The non-fungible token (NFT) space may have been spared the brunt of the catastrophic fall of FTX, but the battle for market share continues. Amidst the chaos, Magic Eden – the most popular marketplace for Solana NFTs – announced the launch of a new tool that will enforce royalties on all new collections that opt-in.
Built on top of Solana’s SPL managed-token standard, the open-source tool is called “Open Creator Protocol (OCP)” and will help creators to protect their royalties. Additional features, such as dynamic royalties and customizable token transferability, will also be enabled.
Creator Royalties in Magic Eden
According to the official press release, creators adopting OCP will be able to ban marketplaces that have not imposed royalties on their collections. The tool will impact creators launching new collections starting December 2nd. Royalties will remain optional on Magic Eden’s marketplace for new collections that do not use OCP.

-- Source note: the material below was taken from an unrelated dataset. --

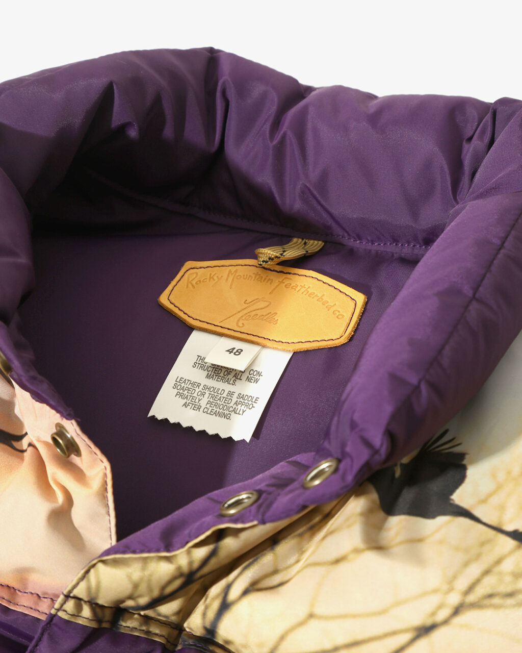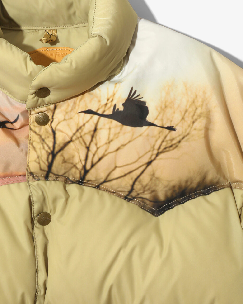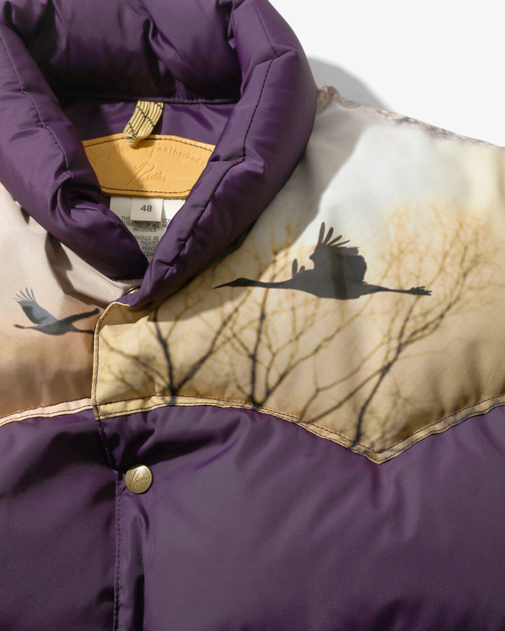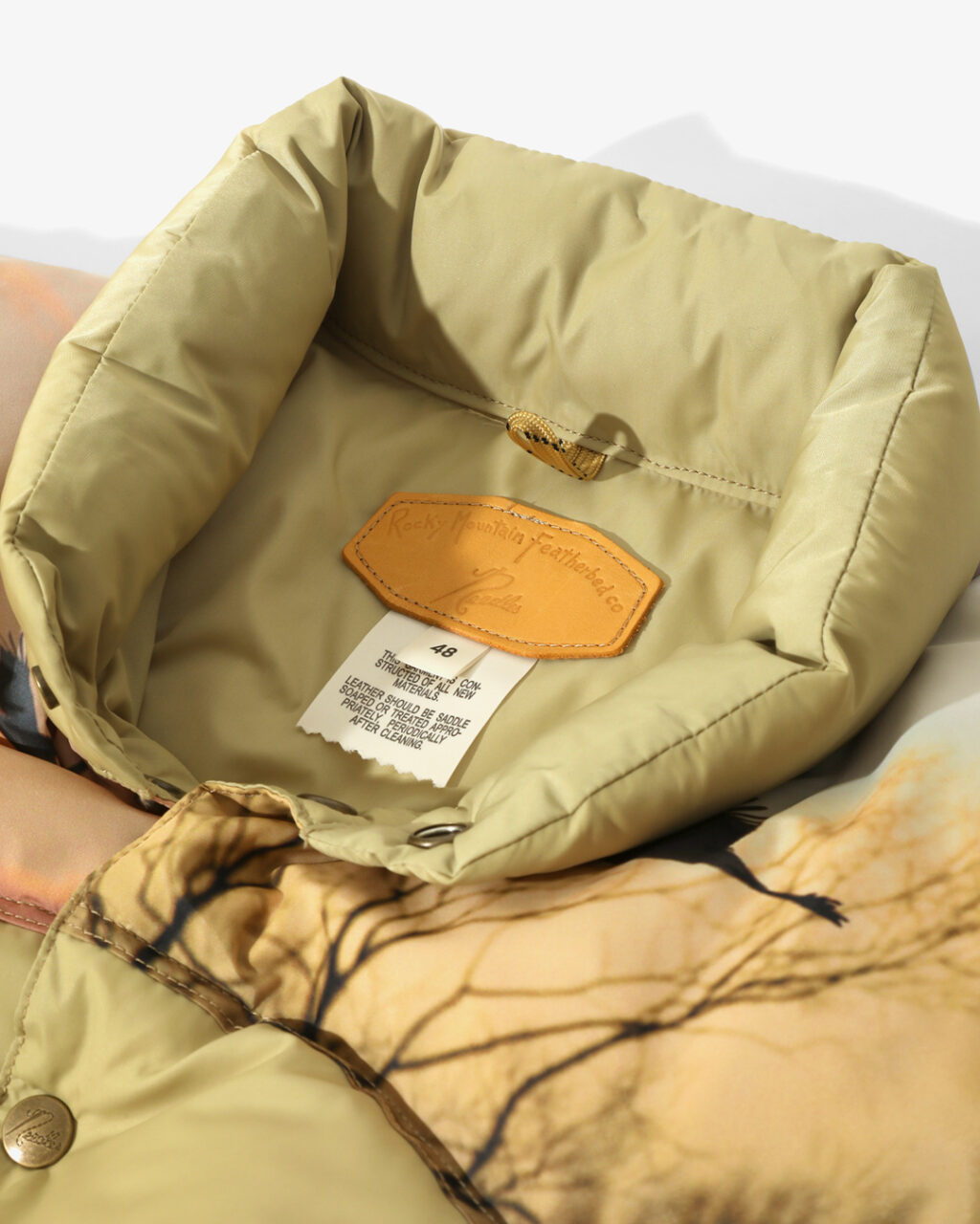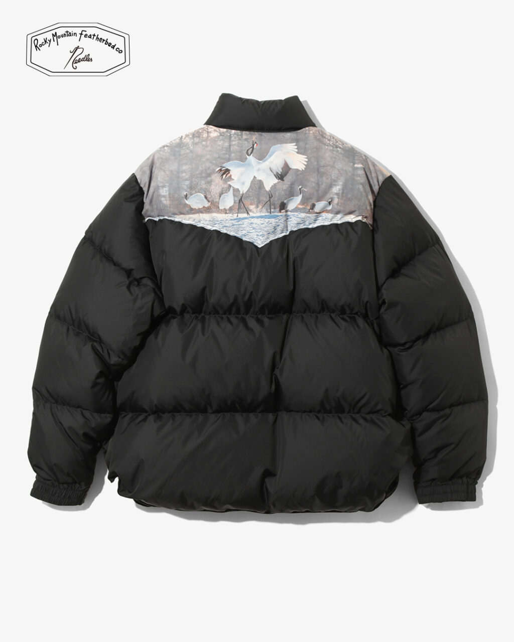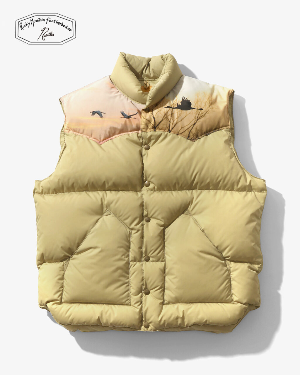 NEEDLES 与美国经典羽绒品牌 Rocky Mountain Featherbed 推出了首次合作。此次合作的一大亮点在于:刻意不采用通常由一整块面料制作的设计,而是在胸以上部分印有丹顶鹤在黄昏、雪原中翩翩起舞的照片。该系列包括两种类型——羽绒服和背心,其外层和内层衬里均采用 70D 尼龙塔夫绸制成,填充物则为 700 蓬松度欧洲防水羽绒,用来确保高水平的保暖性和轻盈舒适的穿着体验。两款产品均提供米色、紫色和黑色三种选择,将于 10 月 18 日(星期六)在 NEPENTHES 官网及线下店发售。

While highlighting the growing anticipation for solutions to NFT royalties, Jack Lu, CEO and Co-Founder of Magic Eden, said,
“We have been in active conversations with multiple ecosystem partners to identify solutions for creators in a timely manner. Our intention with Open Creator Protocol is to immediately support royalties for creators launching new collections while continuing to coordinate with ecosystem partners for more solutions.”
Magic Eden honored creator-set royalties until mid-October this year. However, it faced stiff competition from rival NFT marketplaces on Solana, which began rejecting royalties or making the system optional for traders.

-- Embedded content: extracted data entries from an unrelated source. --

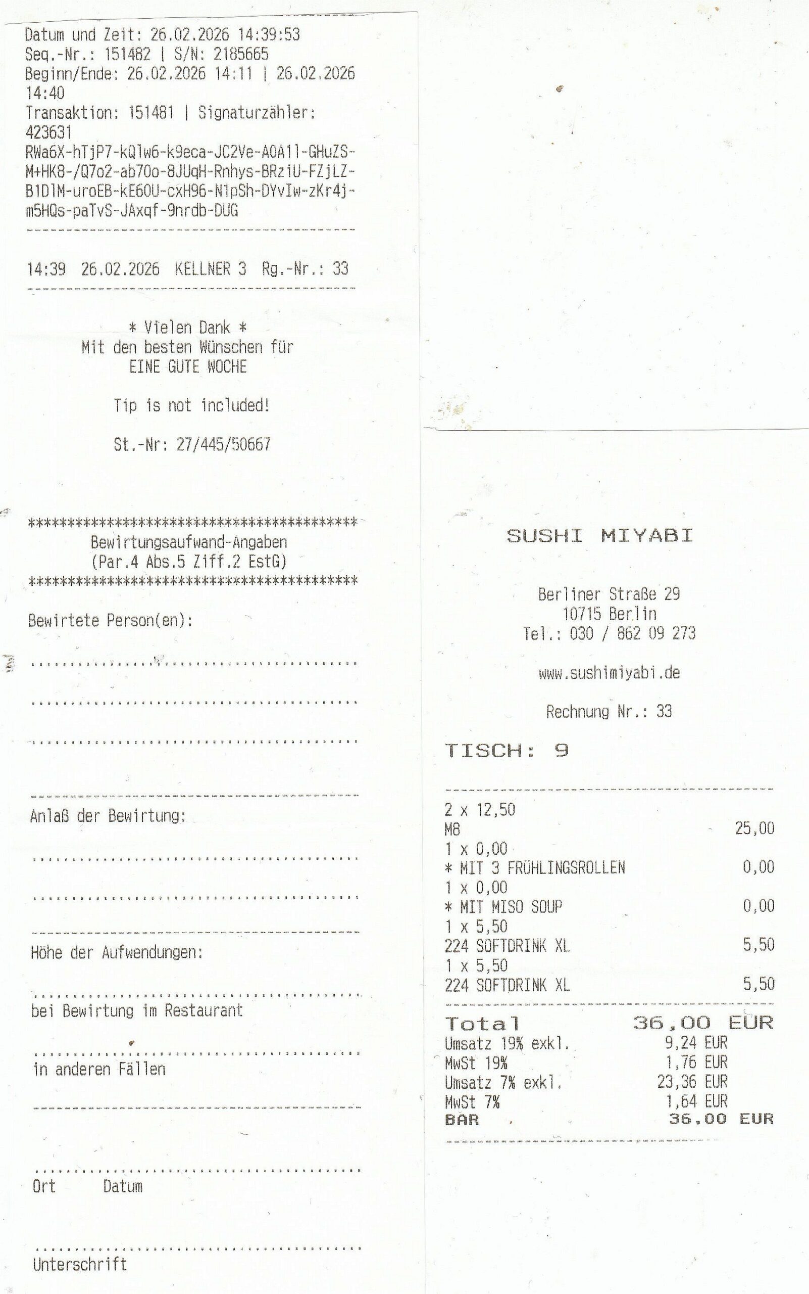 – Zum Mittagsmahl hieß es dann – 40 EU, allerdings mit einem winzigen Schmackes!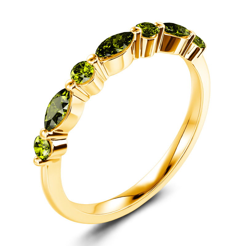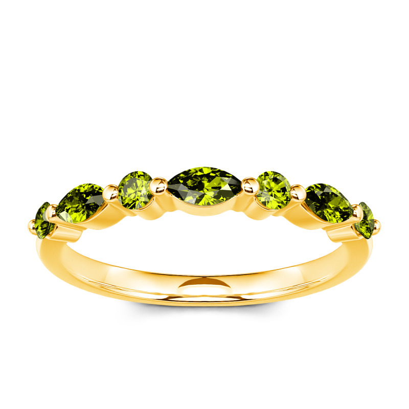 The lustrous moissanite stones are presented in an alternating fashion, set within marquise and round frames to shine gorgeously with the perfectly polished gold band. Vintage-inspired, a sparkling row of stones combines with the gleaming gold - a simple design that she can wear every day. Bring her a surprise on a special day. This gracious band is a thoughtful gift to commemorate your anniversary and memorialize your years spent together.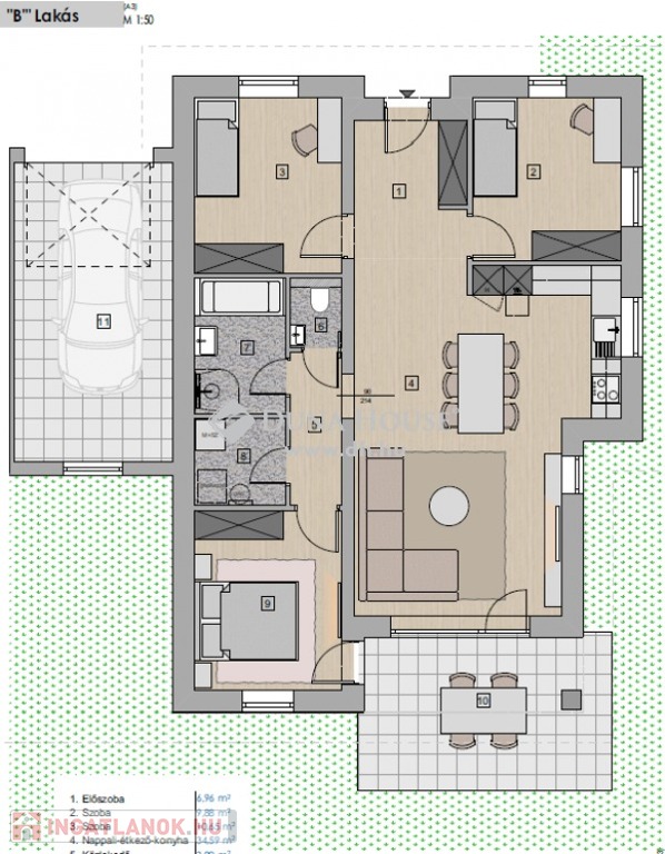 A B épületben 2 lakóépület épül, nappali + 3 szoba + garázs + terasz kialakítással.

Magic Eden then switched to an optional royalty model in what was considered to be a huge blow to royalty supporters in the network. The move would essentially enable buyers or sellers of NFTs to choose what percentage cut of the sale is returned to the original artist.

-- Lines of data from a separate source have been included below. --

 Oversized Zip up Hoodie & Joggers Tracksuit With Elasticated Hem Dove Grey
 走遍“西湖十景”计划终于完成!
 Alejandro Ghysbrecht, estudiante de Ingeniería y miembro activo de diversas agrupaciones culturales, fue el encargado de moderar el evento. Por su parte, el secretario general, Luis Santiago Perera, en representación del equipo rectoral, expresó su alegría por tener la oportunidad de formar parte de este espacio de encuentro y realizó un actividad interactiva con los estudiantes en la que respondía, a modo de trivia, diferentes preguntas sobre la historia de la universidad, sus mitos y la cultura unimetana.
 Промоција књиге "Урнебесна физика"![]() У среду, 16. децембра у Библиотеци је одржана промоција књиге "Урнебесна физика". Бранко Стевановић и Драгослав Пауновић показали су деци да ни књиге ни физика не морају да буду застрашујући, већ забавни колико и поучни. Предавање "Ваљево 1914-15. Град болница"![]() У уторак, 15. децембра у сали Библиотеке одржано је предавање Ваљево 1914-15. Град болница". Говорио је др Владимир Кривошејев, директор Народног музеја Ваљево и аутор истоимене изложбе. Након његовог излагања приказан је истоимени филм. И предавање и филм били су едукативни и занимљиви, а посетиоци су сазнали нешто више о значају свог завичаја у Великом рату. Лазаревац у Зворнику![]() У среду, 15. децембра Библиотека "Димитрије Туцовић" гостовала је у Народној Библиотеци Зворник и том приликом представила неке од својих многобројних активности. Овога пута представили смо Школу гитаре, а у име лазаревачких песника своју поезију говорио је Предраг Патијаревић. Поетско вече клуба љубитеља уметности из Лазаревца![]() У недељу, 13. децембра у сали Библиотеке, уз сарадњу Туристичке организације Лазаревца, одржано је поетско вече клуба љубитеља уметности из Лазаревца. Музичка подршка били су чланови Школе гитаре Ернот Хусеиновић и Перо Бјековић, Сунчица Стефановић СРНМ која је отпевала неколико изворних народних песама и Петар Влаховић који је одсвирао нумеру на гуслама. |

Following the decision, the marketplace assured that it still supported creator royalties and will explore ways to make royalties enforceable.
Creator royalties allow creators on a marketplace to make money on secondary sales. However, if markets themselves don’t collect, creators don’t get paid.
NFT giant OpenSea also faced a similar dilemma with dwindling market share and revealed considering making them optional for traders. Following creator backlash, however, the marketplace reversed its decision and said that it would continue to enforce creator royalty fees going forward.